THE HOUSE WHERE I LIVE
If this gray house where I live, house
with a white fence and a red door,
where I live on the third floor—
if this house were in a different
country, today I might have watched,
from my third floor, the building
across the street explode, hit
by a bomb, which might in fact
have hit the house where I live, which
if I lived in a different state might
have burst into flames from a wildfire
fed by climate change, which
if I lived in a different country might
today have caused floods that might
have swept my house away—
but as it is I sit on this third floor
in this hottest summer ever recorded
and try to keep the air conditioner
off while bombs explode and fires
and floods surge, far from my gray house
with its white fence and its red door.
EITHER OR
There were others who lived in the halfway house
where the agency sent me that college summer.
But the one I remember best was what we now
call intersexed.
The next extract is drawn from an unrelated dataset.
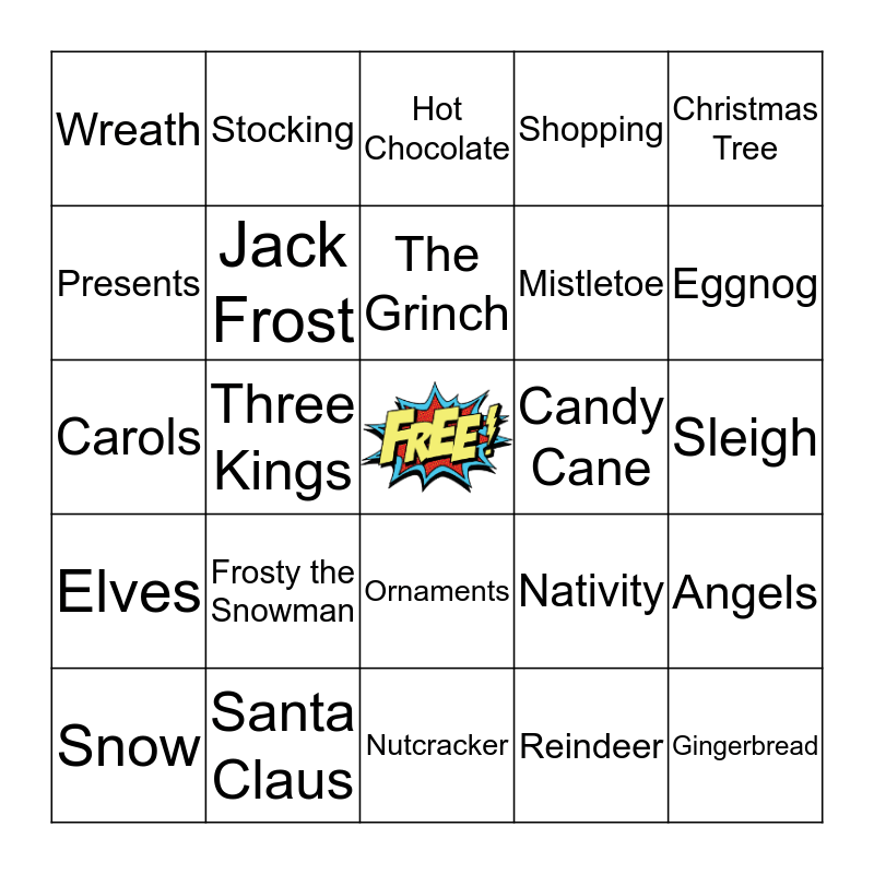 This bingo card has a free space and 24 words: Frosty the Snowman, Santa Claus, The Grinch, Snow, Christmas Tree, Wreath, Presents, Stocking, Candy Cane, Ornaments, Mistletoe, Carols, Nativity, Angels, Jack Frost, Reindeer, Sleigh, Hot Chocolate, Eggnog, Three Kings, Gingerbread, Elves, Shopping and Nutcracker.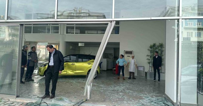 Antalya'nın Alanya ilçesinde şerit ihlali yaptıktan sonra direksiyon hakimiyetini kaybeden sürücü, otomobil satışı yapan mağazaya girdi.

There were questions: which and how.
Later my mother told me my friend’s mother
had years before had my friend’s clitoris reduced.
Then I learned of a woman who, as a boy, had her womb
and functioning ovaries removed without her consent.
And the man whose infant penis was damaged and who
at two was declared a girl and had his testes removed.
And the woman runner who can’t compete
unless she resumes testosterone-reduction drugs.
Because there are only two genders.
*
Because there are only two genders,
testosterone-reduction drugs
may be denied to women who, allowed to compete
only with men with testes, may be removed
from women’s bathrooms, bathrooms which men who
may be denied testosterone will have to use, without the consent
of women users, men who can’t be called people with wombs,
while the status of women with wombs will be reduced
to less than the status enjoyed by their mothers,
who did not have to question whether or how
to use their wombs, in a time remembered now
as a time when people had agency, summer
or winter, could live in their own, could be their own houses.